Believe me when i say that i truly enjoyed GMing this Rp and i feel as if it has definately helped me in growing immensely in that department. Each and every one of you is an amazing Rper and writer and i can shed a tear of happiness at the quality of posts that you have all put up time and time again, i only hope that my updates were of good enough quality for you all.

So sadly i must close the Hammer of Olympia. Yet this is not and will not be the end to the Apostle and the glorious Eighth Grand Company, they will most assuredly be heard from in the near future in one way or another. What i am going to do is reveal to you all what i had in store for you :victory: some of you had two ways that you could have gone so for those that do i will cover both angles of what could have possibly happened. Bare with me this will be long :laugh:]

The Eighth Grand Company: Ok so first im going to give a brief overview of why the Apostle had attacked this planet in the first place and what he was after. I dont know how many of you have read the Horus Heresy novel Legion about the Alpha Legion but in it was a weapon of chaos called a Black Cube. While it does not state that there were more of these weapons it does not also state that it was the only one, so i took the liberty of placing one beneath this massive fortress world. 

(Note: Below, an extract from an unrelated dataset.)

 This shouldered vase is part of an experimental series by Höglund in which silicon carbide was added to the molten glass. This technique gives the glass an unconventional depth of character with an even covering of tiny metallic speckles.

That was what the Apostle was after a weapon to end all weapons, one that would elevate his power above just about everyone else, even abaddon. For those of you who have not read my fluff on the Eighth the Apostle loathes Abaddon, quite literally hates him, and would only grudgingly take orders from him and then only if Perturabo had ordered him to do so. Anyways there was a Black Cube hidden under the planet, and the Imperium knew it, hence the heavy defences, the random warp generator in that was found in the bastion, the appearance of the grey knights and the fists also.

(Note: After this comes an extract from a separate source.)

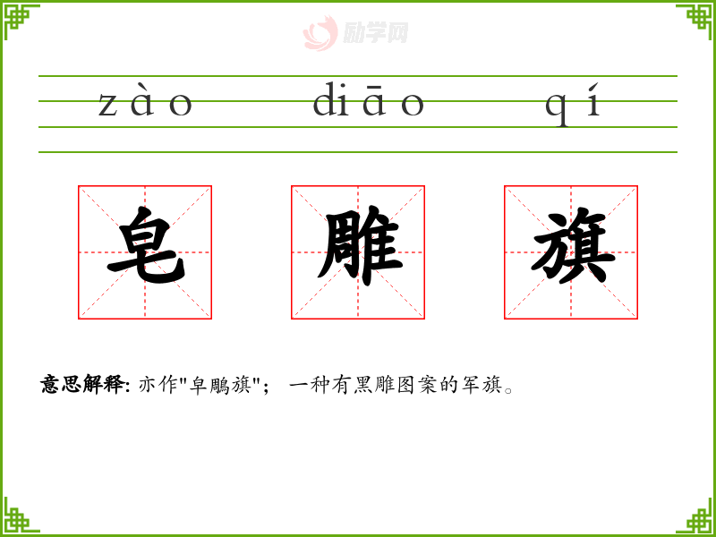 1.皂雕旗的拼音是什么?皂雕旗怎么读?

Now little did any of you that even though you were spread across the battlefield that your decisions would have a direct effect on the outcome of the other players. So im starting with Luminus lol

Luminus: So I dont know if you remember the strange sarcophogus that the Thousand Sons had brought and placed within the bastion, well you were directly connected to it. I assume you also know about Shamesu, the mighty dreadnought that is second in command of the Eighth, well he is also connected to it. Over the years the Apostle has acquired many friends in high places and was able to call in a favor of one of his Thousand Sons debtors. The purpose of the sarcophogus was to hold an untouched and unharmed Astartes body, yet it was without a soul and filled with Iron Warrior's geneseed. 

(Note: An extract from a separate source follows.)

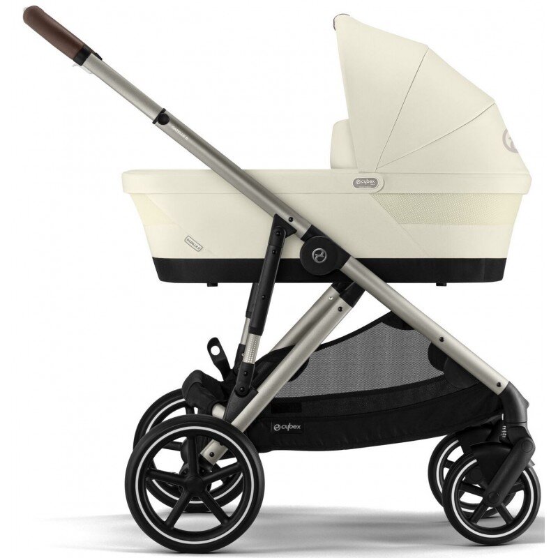Коляска Cybex Gazelle S Taupe 2 в 1 комплектується: шасі з колесами, люлька, прогулянковий блок з бампером, нижня корзина для покупок + додатковий кошик для покупок.

The Apostle had seen a vision of his oldest friend, Shamesu, dying in this battle which he would, and sought to find a way out for his ally. This was it, yet he knew that the Thousand Sons would enact some sort of trickery and Vilhelm was not keen on having his oldest comrade be a pawn of theirs. The words he had you speaking as each Thousand Son died was a spell that took their souls as power to break the enchantment that they had on the sarcophogus, therefore when Shamesu died and his soul entered that body it would be his and his alone. 

At the end of the siege, depending on how it ended, you would be offered a place within the Eighth.

Maximus: Unbeknownest to you this would be your last battle as an Astartes. You would continue fighting until the keep was reached and then you would keep on fighting until the battle was finally over. It would be glorious and bloody but at the end you and Corius would eventually come head to head and you would fight, i would have left the fight completely up to chance, possibly tossed a coin haha. either way you would have won or lost, would you have won you would have gained the enmity of Severus and most of the men in the Second, but you would have earned the favor of the Apostle and would be cleared of your dishonor for your quarrel with Corius.

had you have lost the duel you would have been....well dead. yet there could have been another opening for life for you, it would have been one of servitude for the rest of eternity but im sure Maximus would have chosen it. If you had fought well and died the Apostle would have raised you to lead his elite guard, the fate of Zamiel's demise leaving a spot open for one of ruthless ambition and strong mind. 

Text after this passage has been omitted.